I.2.b) Aliments d'origine animale

Les babouins se montrent parfois prédateurs d'autres animaux (Altmann et Altmann, 1970; Sharman, 1981; Post, 1982; Rhine et al., 1989). Ces animaux sont principalement des invertébrés : insectes (sauterelles, crickets, papillons, scarabées, termites, fourmis, larves de termites, chenilles), vers de terre et limaces. Des lézards, des œufs d'oiseaux, des oiseaux et des petits mammifères, rongeurs ou léporidés, peuvent occasionnellement être consommés. De jeunes gazelles ou même d'autres espèces de primates (singes vervets et galagos) peuvent aussi servir de proie, généralement aux mâles adultes (Altmann et Altmann, 1970 ; Strum, 1975, 1990). Ceux-ci sont les principaux consommateurs de viande, qui peut parfois constituer une portion significative de leur alimentation (Altmann et Altmann, 1970). Toutefois, les babouins ne sont pas des prédateurs très efficaces et la viande n'est pas une source de nourriture très importante. Les insectes sont leur principale source de protéines animales (Rhine et al., 1989). Il est à noter qu'aucun cas de consommation de charogne n'a été observé. Les babouins ne consomment que de la viande d'animaux fraîchement tués (Altmann et Altmann, 1970).

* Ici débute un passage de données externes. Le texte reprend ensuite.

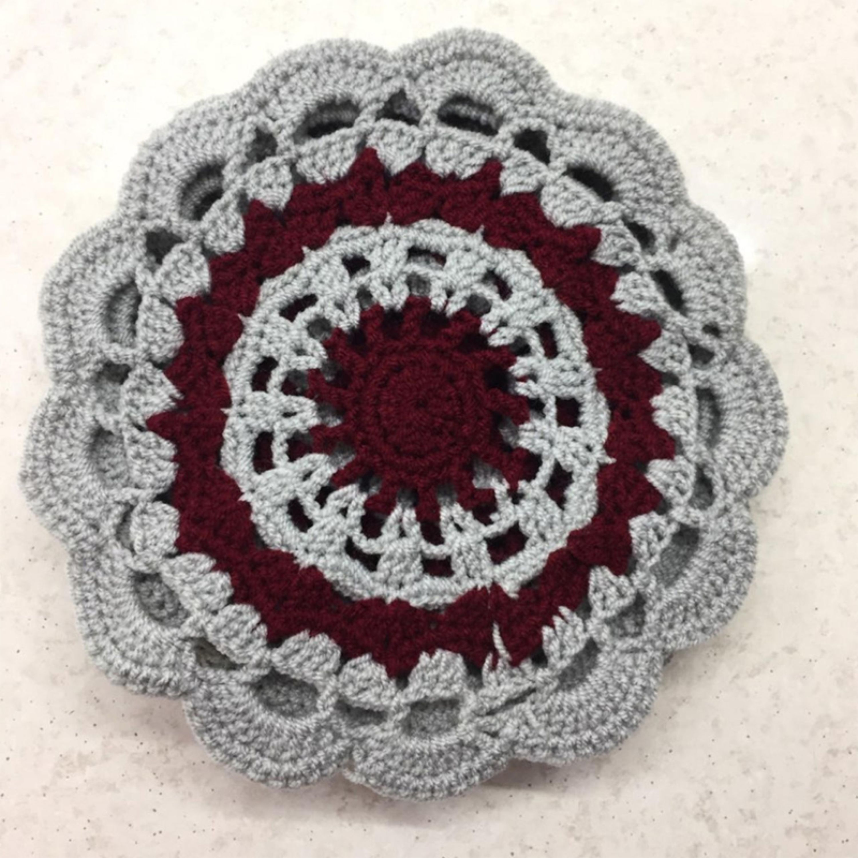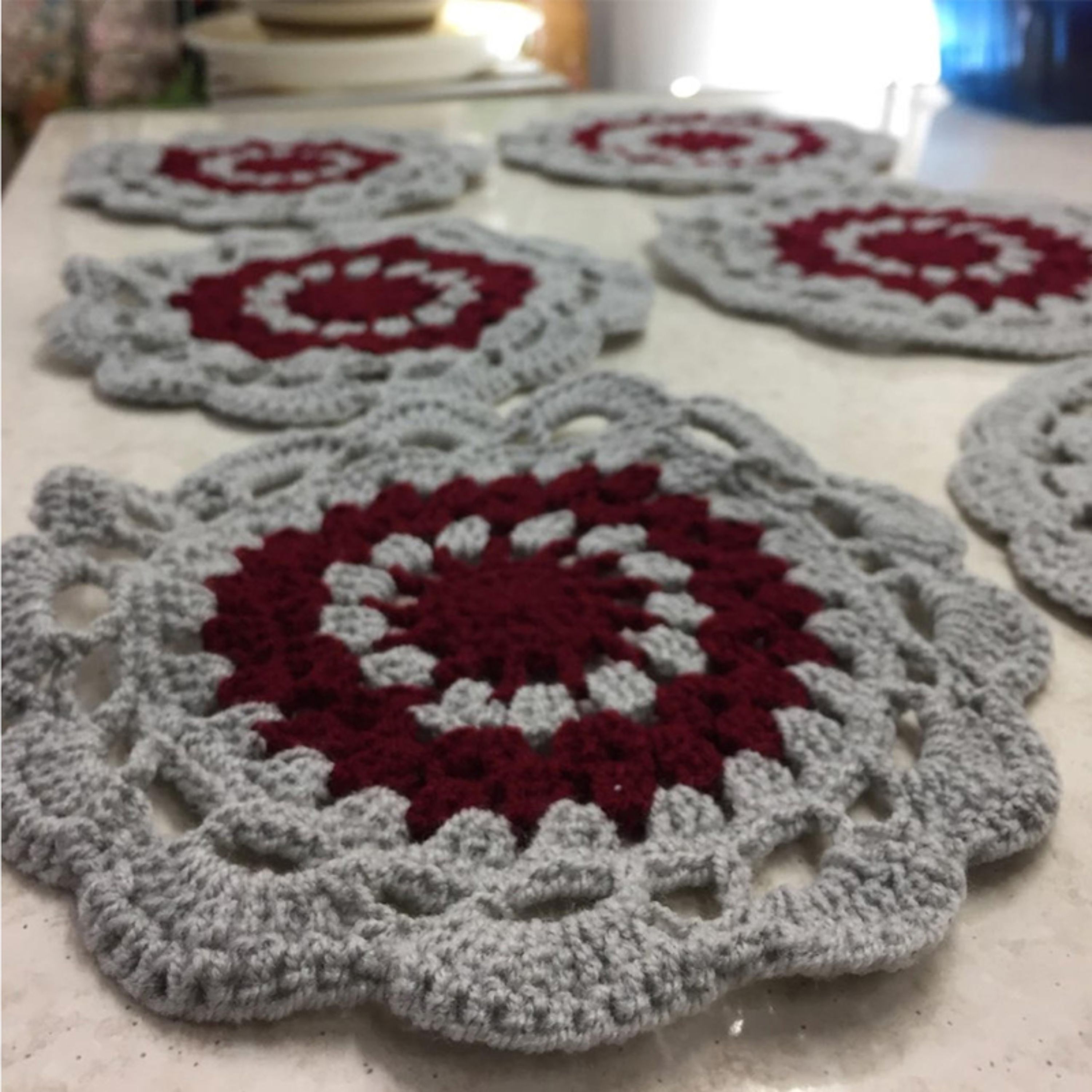 نوع بافت قلاب بافی شده جنس کاموا شکل دایره سایر مشخصات زیر لیوانی یا زیر پیش دستی ست 6 عددی قلاب بافی شده با نخ کاموا دو رنگ طوسی و زرشکی قابل شستشو با دست یا ماشین لباسشویی بافت و گره محکم رنگ ثابت بافته شده با دست

I.2.c) Aliments liés à la présence de l'homme

La proximité de l'homme peut offrir aux babouins d'autres sources de nourritures très avantageuses. Les babouins peuvent se révéler être de redoutables pilleurs de cultures, de sites touristiques ou de décharges, en dépit des dispositifs plus ou moins sophistiqués censés les tenir à l'écart. Pour eux, les gains potentiels sont si importants qu'ils n'hésitent pas à prendre des risques (Dunbar et Barrett, 2001). Dans certains pays, comme l’Égypte, ils sont devenus de véritables commensaux de l’homme et ont développé des comportements agressifs envers celui-ci, ce qui pose de réels problèmes de sécurité et de santé publique (Bénard, communication personnelle). Les animaux ayant accès à des décharges choisissent surtout des

fruits et des légumes mais peuvent aussi consommer des aliments préparés, comme de la confiture, des biscuits et des produits laitiers ainsi que de la viande (Altmann et Muruthi, 1988). Ce dernier point est surprenant car comme nous l'avons déjà mentionné les babouins ne mangent généralement que de la viande très fraîche (Altmann et Altmann, 1970 ; Altmann Muruthi, 1988).

I.3)

Sélectivité

De nombreuses études indiquent que l'adaptation alimentaire des babouins est à la fois généraliste et sélective (Rhine et al.1989). Whiten et al. (1991) expliquent que malgré leur remarquable diversité alimentaire une sélection considérable peut être démontrée à plusieurs niveaux. Premièrement, les babouins n'utilisent en fait qu'une petite proportion des espèces végétales disponibles. Par exemple, les 185 espèces végétales consommées par les babouins du parc Mikumi sont sélectionnées parmi environ 700 espèces (Norton et al., 1987). Cette sélection peut s'exprimer à un très fin niveau de discrimination entre des espèces végétales du même genre, impossible à différentier à l'œil nu par l'homme (Whiten et al., 1991). Deuxièmement, ce n'est souvent qu'une ou quelques parties d'une espèce qui sont consommées. La séparation peut être très précise par exemple cueillir une fleur ou un fruit et même préparer la nourriture, en épluchant et en enlevant certains composants (Whiten et al., 1991 ; Altmann et Altmann, 1970). Par un tel procédé les babouins exercent un contrôle considérable sur ce qu'ils ingèrent au final (Whiten et al., 1991). Ils présentent l'apparente capacité à manger sélectivement la partie la plus nutritive des plantes disponibles dans leur habitat à chaque période de l'année (Altmann et Altmann, 1970).